December and January have traditionally proved to be the most deadly time of year. The roll-out of the lightning rods was specifically targeted at rural communities and the department of co-operative governance and traditional affairs has partnered with municipalities in ensuring that public spaces such as community halls, clinics, and schools had lightning rods installed, especially in high-risk areas.
The roll-out included a massive awareness campaign that also encouraged communities to buy the lightning rods at their local hardware supplies for their own homes. Each lightning rod provides a circle of protection of about 100 metres, so each village or suburb in a vulnerable area needs many of these needles in the sky to protect the local property and people. Twenty five people have so far died in KZN this year from lightning strikes.
In a prelude to a story that is going to grow over the next 5 years or so, research is being conducted in the South Pacific to determine to what extent drones can play a part in mapping disasters and planning relief efforts. The researchers are backed by the Australian Red Cross and the Department of Foreign Affairs, and will travel to Fiji and Vanuatu, and surrounding small islands, hit by tropical storms last year, and cut off from aid for up to 4 days after the disasters. Mapping of disaster areas, and the determination of exact coordinates of damage to buildings and other infrastructure by small drones will considerably speed up aid by the countries themselves, or from neighbouring states. As drone technology improves and expands, this kind of rescue service will become commonplace, so watch this space for future developments.
The annual SKYWARN Recognition Day (SRD) on-the-air activity took place in the United States yesterday from 00h00 until 23h59 UTC. Developed by the ARRL and the National Weather Service (NWS) in 1999, SKYWARN Recognition Day honours the contributions that SKYWARN volunteers make to the NWS mission — the protection of life and property during threatening weather. During the SKYWARN Special Event, hams operated from several NWS offices. W1AW took part in the event. So did WX4NHC at the National Hurricane Centre, on HF, VHF, and UHF, plus APRS and WinLink. WX4NHC activity centred on the Hurricane Watch Net (HWN) frequency, 14.325 MHz.

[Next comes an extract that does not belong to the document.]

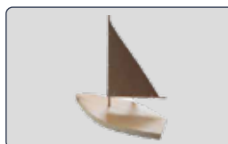
Sailboat 120 minutes

The object of the event is for all participating Amateur Radio stations to exchange contact information with as many NWS stations as possible on 80, 40, 20, 15, 10, 6, and 2 meters, as well as 70 centimetres. Contacts via repeaters are permitted. Stations exchange call signs, signal reports, locations, and a one or two-word description of the weather at their respective locations (e.g., “sunny,” “rainy,” “partly cloudy,” “windy”). NWS stations use various modes, including SSB, FM, AM, RTTY, CW, and PSK31. Thank you to the ARRL Letter for this excerpt.
Two of our regions will be holding end-of-year meetings this week. On Wednesday evening, HAMNET Western Cape will hold its final meeting at the Roll Bar at Killarney race track. This will take the form of an early bring-and-braai at 18h00, and members are all invited to bring their “significant others” and some meat to braai. The bar will be open, and fires will be provided.

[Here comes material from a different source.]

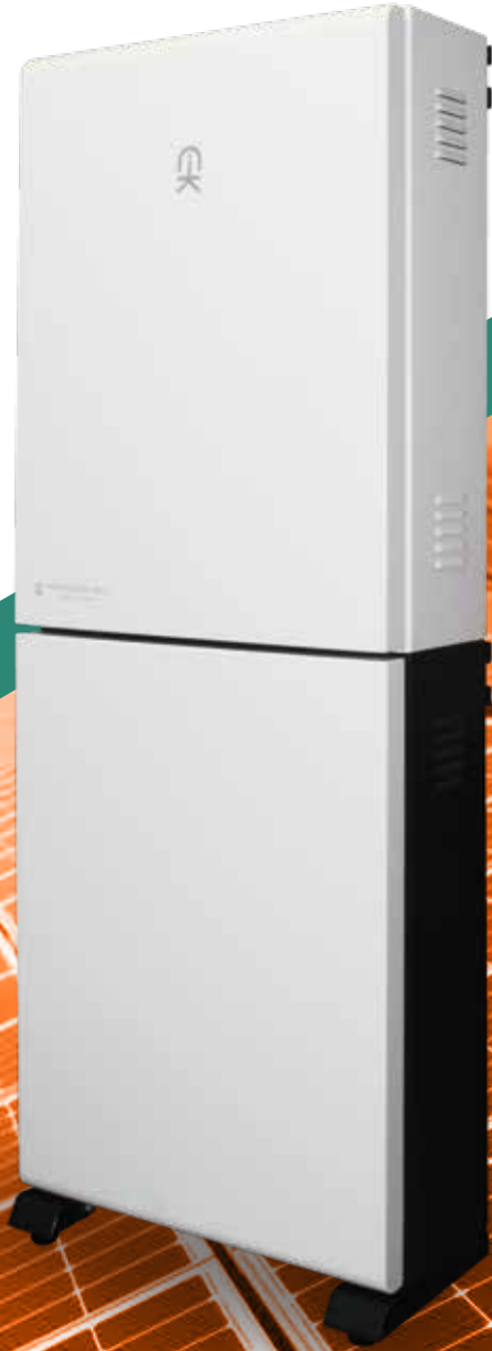
ENIK Energy Wall

And HAMNET KwaZulu-Natal will hold its final meeting next Saturday the 10th, at 12h30 for 13h00, at 84 Signals Unit in Old Fort Road. This will be a meeting as usual, but will finish with the usual bring-and-braai, and all members are heartily invited to attend. All the provinces need rain, but let’s hope Wednesday evening in Cape Town, and Saturday midday in Durban are not washed out!

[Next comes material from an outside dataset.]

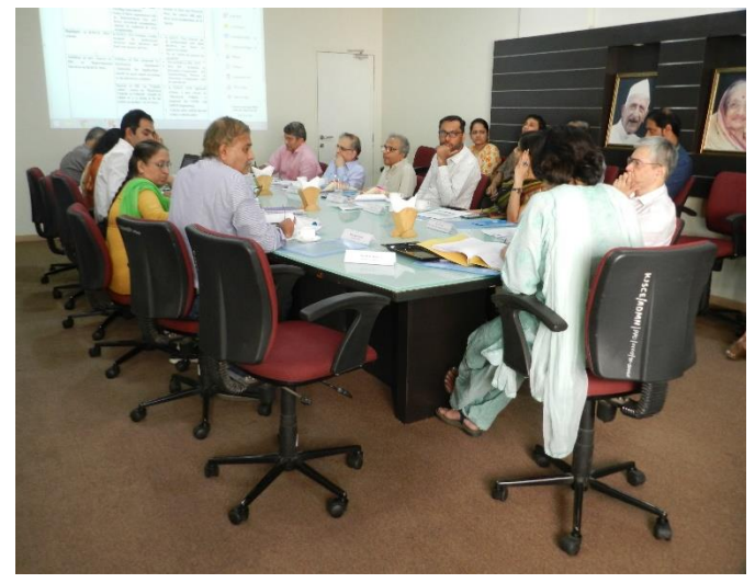
Subject Board Meeting
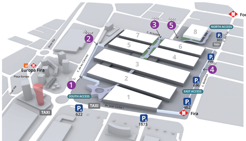
Lorry access to halls 1/7 is through door number 1, 3 or 4 Lorry access to halls 8.0 and 8.1 is through door number 5

Fira Barcelona Gran Via Venue is equipped with several access/exit doors as shown below. Please note that not all doors are accessible at all time, and therefore the venue team will inform you about which door has been allocated for your event.

Talking of rain, the dam report has been issued by the Department of Water and Sanitation, and I’m mildly relieved to tell you that the dams are almost exactly at the same levels as last week. The country-wide average is 50% full, as it was last week, but still down on the 62% full this week last year. At least there has been no further deterioration in the situation. Please do all in your power not to use water if you can help it.
This is Dave Reece ZS1DFR reporting for HAMNET in South Africa.